WFLI (1070 kHz) is a commercial AM radio station broadcasting an oldies radio format. Licensed to Lookout Mountain, Tennessee, the station serves the Chattanooga metropolitan area.  WFLI is owned by Tri-State Radio, Inc.

By day, WFLI broadcasts at 50,000 watts, the maximum for commercial AM stations in the U.S.  But 1070 AM is a clear channel frequency reserved for KNX Los Angeles.  So WFLI must reduce power at night to 2,500 watts to avoid interference.  It uses a directional antenna at all times.  Programming is also heard on 250 watt FM translator W241AF at 96.1 MHz. (which formerly carried WUSY-HD2) in addition to a second translator for coverage in areas located north of downtown Chattanooga, W262DQ at 100.3 MHz.

History
On February 20, 1961, WFLI signed on with 10,000 watts.  As at Top 40 station, it competed with the other AM radio stations in the Chattanooga market such as WDXB and WOGA (later WMOC) for the young adult market. The station's power was boosted to 50,000 watts in 1967.

From 1961 to 1980, WFLI was a popular contemporary hits station in the Chattanooga area. It was nicknamed  "Jet Fli".  The station also held two concerts each year called "WFLI Jet-Fli Spectaculars". These concerts attracted large crowds to Memorial Auditorium. The WFLI Light in the Sky projected a spotlight in the sky, attracting listeners to businesses and events.

By 1979, FM was becoming popular and the new WSKZ (KZ-106) captured most of WFLI's audience. After a two-year switch to a country music format, WFLI switched to a religious format in 1982, branding itself as "The Mid South's Most Powerful AM Gospel Station" with a Southern gospel music format in its later years.

WFLI signed off the air on March 31, 2017, but returned to the air under new management with a talk format in May 2017. On July 10, 2017, a one-day-only 1960s–1970s oldies format honored the station's heritage. It switched back to a talk format by July 11, airing the syndicated programs of Laura Ingraham, Dave Ramsey, Todd Starnes, Eric Metaxas and morning duo Rick Burgess and Bill "Bubba" Bussey.

On April 23, 2018, the station returned to a 1960s and 1970s oldies music format featuring live and local DJs. WFLI also began carrying some special features highlighting the station's past through locally-produced programming such as the "Daily Downbeat" show featuring former station alumni from the station's original 'JET FLI' era of the 1960s and 70s along with other notable or retired broadcasters from other area stations from the same era.
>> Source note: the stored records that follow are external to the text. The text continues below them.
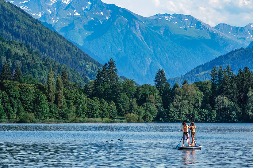Die andere Seeseite wird vom Strandbad Thumersbach, ebenfalls mit Wasserskiverleih, Beachclub und Extra-Pool neben dem See, geprägt. Das weitgehend naturbelassene Bad wurde stimmig in einen Park eingefügt. Wer etwas Neues probieren möchte, wagt sich beim Stand-up-Paddling auf den See oder riskiert einen Blick von oben auf die Wasseroberfläche beim Parasailing.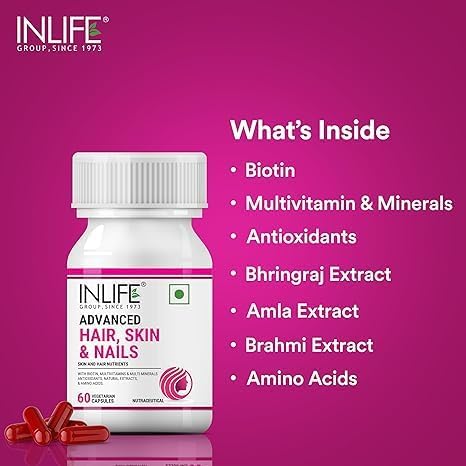 A unique combination of Biotin, Grape Seed Extract, L-Cysteine, DL-Methionine, Citrus Bioflavonoids & natural extracts of Bhringraja, Amalaki Dry & Brahmi with essential vitamins & minerals. Packed with the essentials to help promote healthy hair, nail and skin.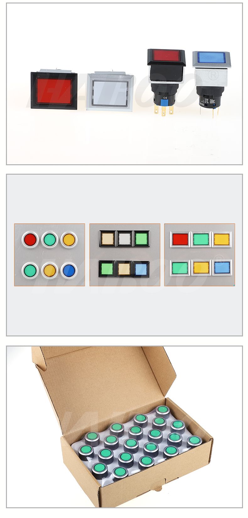 超薄面板镶嵌式带灯复位自锁圆形方形矩形按钮开关 3A 220V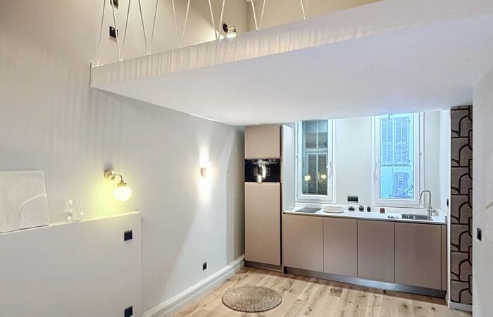 STUDIO AVEC LOGGIA - RIQUIER Charmant studio de 25 m² (loi Carrez) complété par une mezzanine de 5 m² et une loggia de 5 m² , situé dans une cour au calme. Traversant sud- nord. Entièrement refait à neuf et vendu meublé. Double lit en mezzanine et canape convertible en séjour. AirBnb Accepte!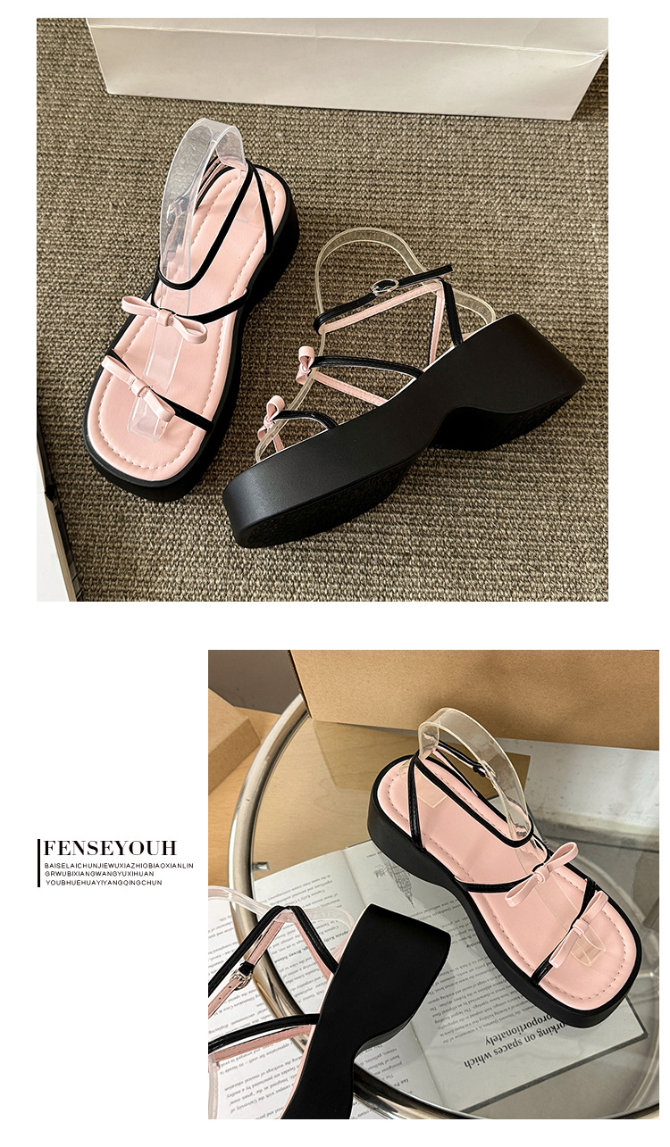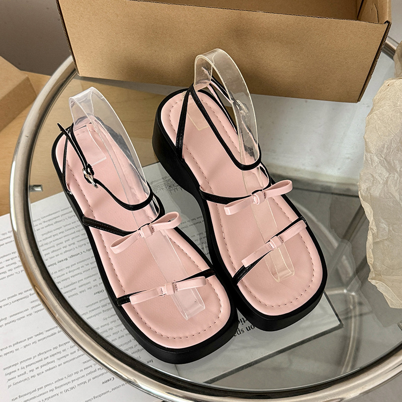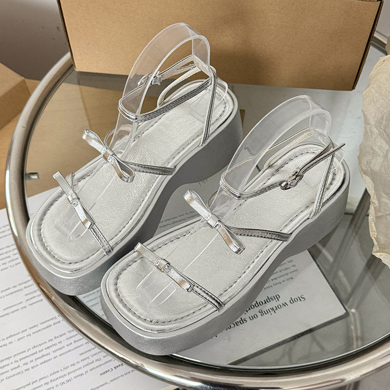 웨지힐 하이힐 보우 프렌치 샌들 요정 신발 2025 신상 여름 두꺼운 밑창 키높이 화이트 샌들스토어 가기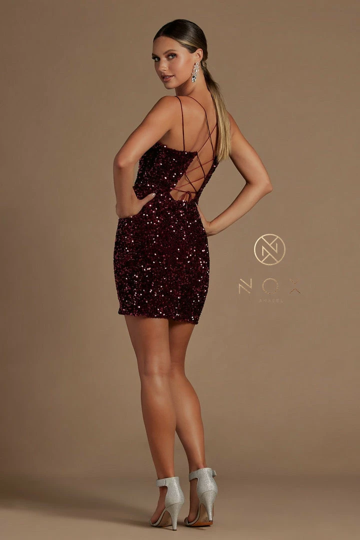 Nox Anabel R704 Short Fitted Sequin Velvet Cocktail Formal Dress Corset V neck GownΒ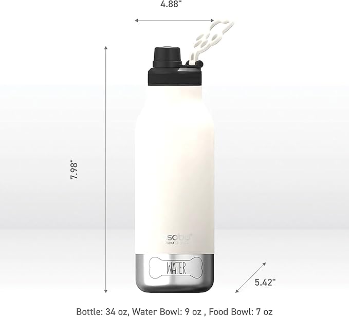 asobu Dog Barky Bottle – Insulated Stainless Steel Water Bottle with 2 Removable Dog Bowls for Food, Treats & Water – Pet-Friendly Travel Bottle for Hiking, Road Trips & Outdoor Adventures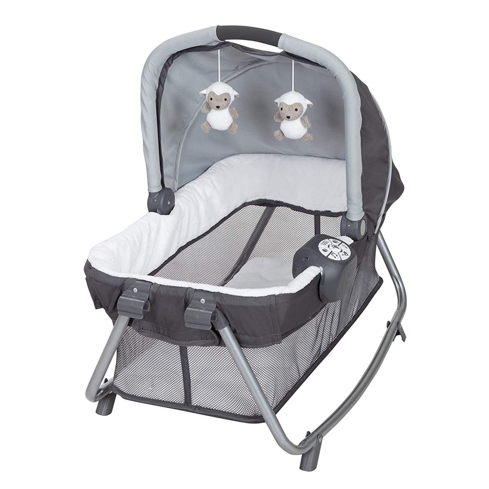 O berço Rock A Bye removível se converte em uma cadeira de balanço independente e vem com 2 brinquedos, um dossel e alça de transporte, tecido de pelúcia e laterais de malha para ventilação adequada.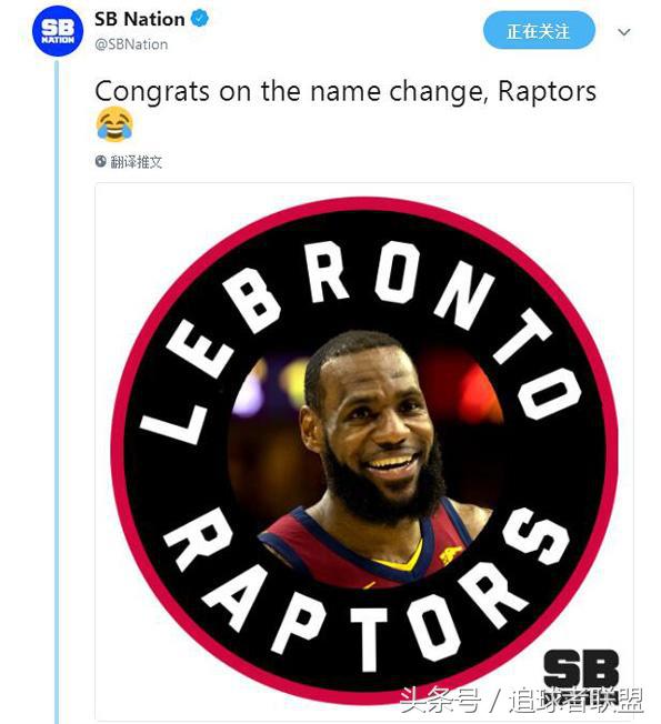 SB Nation专门制图调侃: LeBronto Rapors(勒布朗多猛龙)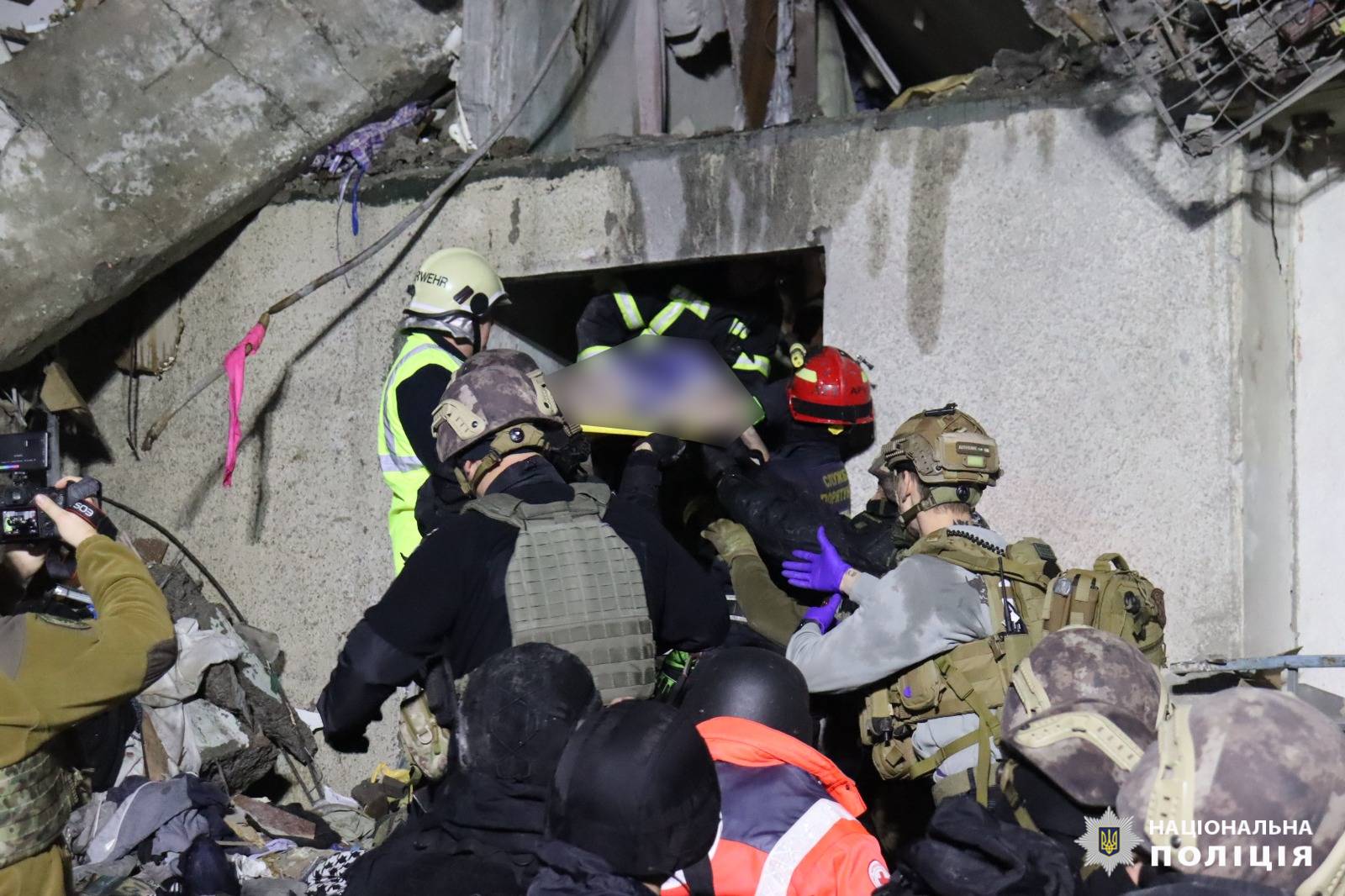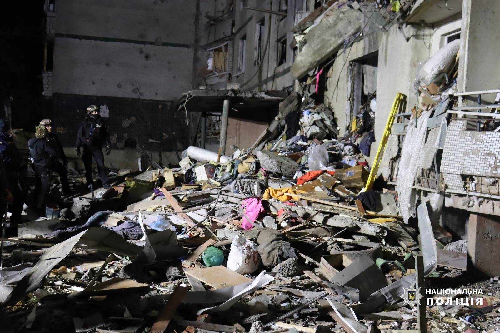 Поряд з місцем влучання розгорнуто роботу оперативного штабу Національної поліції. На 07:15 з заявами про пошкодження майна до працівників поліції звернулися 58 мешканців будинку. Також є заява про зниклу безвісти 15-річну дитину.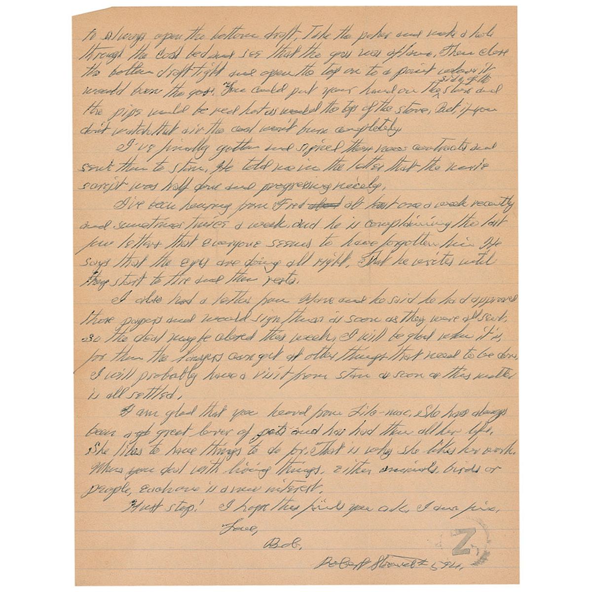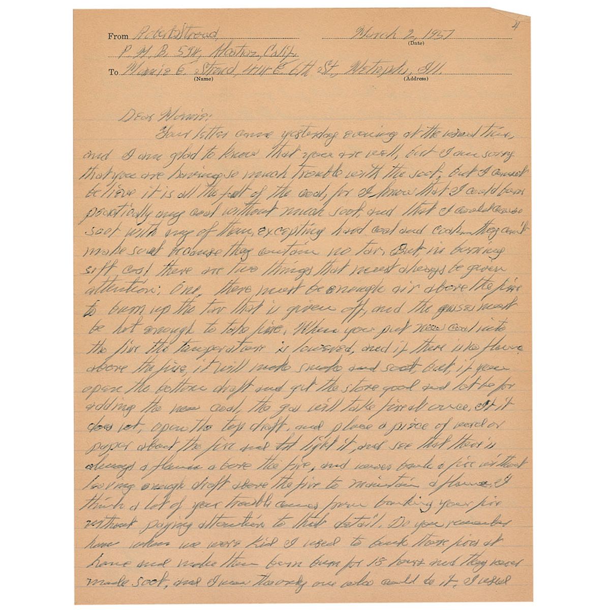ALS signed at the conclusion, “Bob, Robert Stroud, #594,” and once at the top, “Robert Stroud,” one page both sides, 8 x 10.25, lined paper, March 2, 1957. Stroud writes a lengthy letter to Mamie E. Stroud, who is having trouble with “soot” in her fireplace, explaining some of the essential mechanics involved in successfully maintaining a fire, “there needs to be enough air above the fire to burn up the tar that is given off,” then mentioning a movie script, “I’ve finally gotten and signed the new contracts and sent them to Stan. He told me in the letter that the movie script was half done and progressing nicely,” and finally ending with the curious and insightful line, “When you deal with living things, either animals, birds, or people, each one is a new interest.” In fine condition, with intersecting folds and uniform toning.

In July 2021, WFLI began to naturally-evolve the 1960s and 1970s "Oldies" format into a more standard Classic Hits format, moving the station musically into music centered more in the 1970s and 1980s with some top chart hits from the early- to mid-1990s. Now they play a range of artists from the 1970s through the 1990s including Bon Jovi, Fleetwood Mac, Journey, Madonna, Michael Jackson, The Eagles and other Contemporary Hit Radio chart-toppers from that same era.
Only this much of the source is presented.